The whole endeavor is directed by Scott Hicks, a filmmaker who has, in the past, helmed glossy prestige projects, adaptations of true stories (Shine and The Boys Are Back) and novels (Snow Falling on Cedars and Hearts in Atlantis). He doesn’t (and probably couldn’t) do much with the material besides keeping things moving and looking competent on a technical level. The cast hardly elevates things either. Efron has little experience in carrying a drama and it shows. He’s never convincing as an ex-Marine and his way of projecting inner turmoil is by keeping his face as still and expressionless as possible. Still, he’s far better here than in Charlie St. Cloud, that drippy movie from a few years ago about a kid who plays catch with the ghost of his dead little brother. Schilling, for her part, has a scene where she laughs and cries at the same time, which, if nothing else, proves that her scary, emotionless lead performance in the worst movie of last year, Atlas Shrugged: Part 1, was in all likelihood a purposeful decision to help reveal the lunacy of that project from within it.

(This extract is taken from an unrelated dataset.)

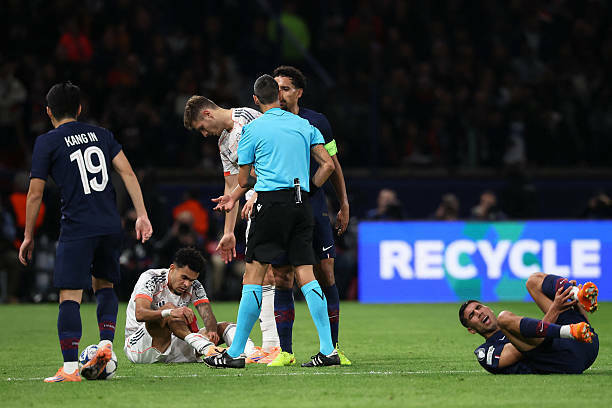 At the end of the first half Ashraf Hakimi at PSG was injured and substituted, while Luis Diaz at Bayern was red-carded for a rough foul.

But maybe the filmmakers didn’t want me sitting there thinking about even worse movies that Efron and Schilling have made. They probably weren’t expecting me to sit there thinking about much at all beyond caring about the characters and their situations. But I just wasn’t invested in anything that was happening on screen. Even when Efron and Schilling break their long, dull flirtation with a heavy-duty, fully-clothed make-out scene under an outdoor shower, it plays less like an expression of romantic tension, and more like another box to be checked. The movie’s so thin, programmatic and uneventful that I had difficulty remembering what happened in it even minutes after it was over.

1 comment:

  1. This movie was total crap because it tried so hard to make us care for these characters and their love, that it just ended up being irritating as hell. Efron and Schilling do try but come on, there is only so much one person can do with a Nicholas Sparks adaptation! Good review.